Medical Department M (Endocrinology and Diabetes), Aarhus University Hospital, Aarhus Sygehus, NBG, DK-8000 Aarhus C, Denmark.

出版信息

Eur J Endocrinol. 2007 Jul;157(1):9-18. doi: 10.1530/EJE-07-0013.

Abstract

OBJECTIVE

To estimate the mortality in Denmark in patients suffering from GH deficiency (GHD).

DESIGN

Mortality was analyzed in 1794 GHD patients and 8014 controls matched on age and gender. All records in GHD patients were studied and additional morbidity noted. Patients were divided into childhood onset (CO) and adult onset (AO), discriminated by an age cutoff below or above 18 years at onset of GHD.

METHOD

Data on death were identified in national registries. Sex- and cause-specific mortalities were identified in CO and AO GHD when compared with controls.

RESULTS

Mortality was increased in CO and AO GHD in both genders, when compared with controls. The hazard ratio (HR) for CO males was 8.3 (95% confidence interval (CI) 4.5-15.1) and for females 9.4 (CI 4.6-19.4). For AO males, HR was 1.9 (CI 1.7-2.2) and for females 3.4 (CI 2.9-4.0). We found a significantly higher HR in AO females versus AO males, both compared with controls (P < 0.001). In AO, mortality was increased due to cancer in all subgroups, due to circulatory diseases in all age groups for females and for males in the oldest age group. For CO, the increased mortality was due to cancer.

CONCLUSIONS

We found a significantly increased mortality in GHD patients when compared with controls, possibly due to their hypopituitary status. Mortality was increased in AO female patients when compared with males. For CO and AO GHD, different causes of significantly increased mortality were identified.

摘要

目的

评估丹麦生长激素缺乏症(GHD)患者的死亡率。

设计

对1794例GHD患者和8014例年龄及性别匹配的对照者的死亡率进行分析。研究了GHD患者的所有记录,并记录了其他发病率情况。根据GHD发病时年龄低于或高于18岁,将患者分为儿童期发病(CO)和成年期发病(AO)。

方法

从国家登记处获取死亡数据。将CO和AO GHD患者与对照者进行比较,确定性别和病因特异性死亡率。

结果

与对照者相比,CO和AO GHD患者的死亡率均升高。CO男性的风险比(HR)为8.3(95%置信区间(CI)4.5 - 15.1),女性为9.4(CI 4.6 - 19.4)。
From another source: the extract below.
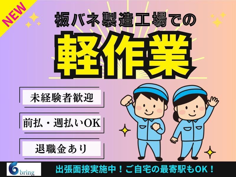 職種/仕事内容 | 仕事内容 \ 未経験スタート大歓迎❗ / ✨製品を重ねるだけのシンプル作業✨ ⏩土日祝休みでプライベート充実☕ ⏩月収25万円以上の安定収入可✊ ⏩通勤便利♪工場付近にバス停あり 働きやすさ……⭐⭐⭐⭐⭐ 稼ぎやすさ……⭐⭐⭐⭐⭐ 難易度…………⭐ ╭━━━━━━━━━╮ ⏬仕事内容はこちら⏬ ╰━━━━v━━━━╯ 製造工場内で車両に使われる 板バネを重ねる作業をお任せ✨ ✅機械から出てくる板バネを パレットに重ねる ✅5枚ほど重ね終わったら 別のパレットへ重ねる ▶▶この作業の繰り返しでOK! その他、付随業務や清掃作業 などもお願いします。 ★重ね終わったパレットは フォークリフト作業員が運ぶので 運搬作業なし♪ 板バネを重ねるパレットは 機械のすぐ横に置いてあります◎ ◌◍┈┈┈┈┈┈┈┈┈┈┈┈┈┈⿻*.· ╭━━━━━━━━━━━━╮ ⛅働きやすさのPOINT⛅ ╰━━━━━━v━━━━━╯ ⭐土日祝休み❗ 完全週休2日制でメリハリ勤務! 予定が立てやすいとスタッフから好評! ⭐前払い・週払いOK❗ 急なお誘いや予期せぬ出費にも 役立つ、スタッフに大好評の制度です♪ ⭐お友達紹介制度あり❗ 紹介したご友人が入社した際に 紹介者に5万円をプレゼント❗✨ ⭐来社なし♪応募~内定まで自宅で完結❗ オンライン面接だから、ラクラク☘ ★入社前に必ず職場見学があるので安心! ╭────────────・⭐・・─╮ .電話番号 ▶▶ 029-869-5900 .お気軽にお問い合わせください♪ ╰─・・⭐・────────────╯ |

AO男性的HR为1.9(CI 1.7 - 2.2),女性为3.4(CI 2.9 - 4.0)。我们发现,与对照者相比,AO女性的HR显著高于AO男性(P < 0.001)。在AO患者中,所有亚组的癌症死亡率均升高,女性所有年龄组以及男性最年长年龄组的循环系统疾病死亡率升高。对于CO患者,死亡率升高是由于癌症。

结论

我们发现与对照者相比,GHD患者的死亡率显著升高,可能是由于其垂体功能减退状态。与男性相比,AO女性患者的死亡率升高。对于CO和AO GHD患者,确定了死亡率显著升高的不同原因。